Przejdźmy do kilku najbardziej popularnych stereotypów o Rosji i Rosjanach jakie znam i jakie udało mi się w mniejszym lub większym stopniu obalić.
Stereotypy o Rosji i Rosjanach
1. Rosjanie nienawidzą Polaków – mit
Większej bzdury nie słyszałem – serio! Od momentu kiedy wjechałem na teren Rosji przez granicę ukraińsko – rosyjską, za każdym razem jak podbiegałem do złapanego auta (autostop) mówiłem w języku rosyjskim: “Dzień dobry! Ja z Polski! Jadę autostopem! Można z Tobą się zabrać do…). Znacząca większość kierowców reagowała tak: “Dzień dobry! Ty z POLSKI!!! No pewnie! Wsiadaj! Wsiadaj!”. Serca kierowców na słowo “Polska” autentycznie się otwierały.
Przez bity miesiąc podróży autostopem i hulajnogą przez ten wielki kraj, ani, ale to podkreślam ani razu nie spotkałem się ze złym nastawieniem do mojej osoby, ze względu na to, że jestem Polakiem. Stereotyp totalnie wyssany z palca. Rozumiem, że może komuś zdarzyła się jakaś nieprzyjemna sytuacja z Rosjanami, gdzieś tam, jednak nie można wrzucać całego narodu do jednego worka i na podstawie tego kreować opinii o tym kraju.
PS. Wiesz, gdzie miałem najwięcej zaczepek podczas swoich podróży, żeby się bić? W Polsce.

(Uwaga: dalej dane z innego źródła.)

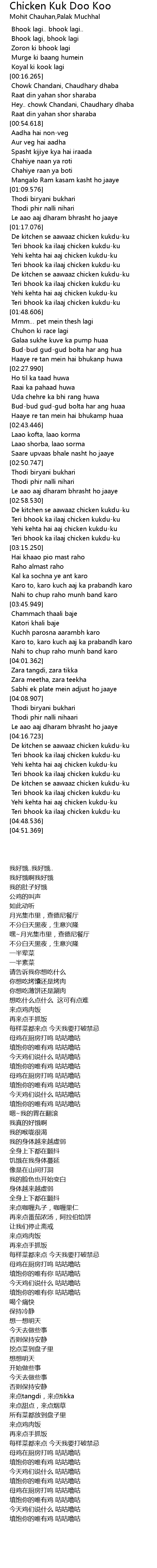 The Chicken Kuk-Doo-Koo song is strictly for non-vegetarians considering its title and lyrics that go Teri bhookh ka ilaaj chicken k uk-doo-koo de kitchen se awaaz chicken kuk-doo-koo. Today the chicken is saying that. Mohit Chauhan Palak Muchhal.

2. Większość Rosjan to alkoholicy, dla których wódka zastępuje wodę – mit
Ten stereotyp to dość mocno zakrojona akcja propagandowa ze strony Stanów Zjednoczonych. Chodziło im o to, by wielkiemu mocarstwu jakim była i jest Rosja przypiąć łatkę nieobliczalnych i nieogarniętych alkoholików.
Tak zły wizerunek Rosji na arenie międzynarodowej tworzył wielką barierę. Trudniej było na arenie politycznej i gospodarczej. Kto chciałby współpracować z krajem, w którym rządzi wódka? Z krajem w którym ludzie nie myślą? No właśnie nikt. Muszę przyznać, że propaganda się udała. Ludzie łyknęli ją niczym pelikany. Najgorsze jest to, że pomimo tak dużej dostępności do informacji wciąż w nią ślepo wierzą.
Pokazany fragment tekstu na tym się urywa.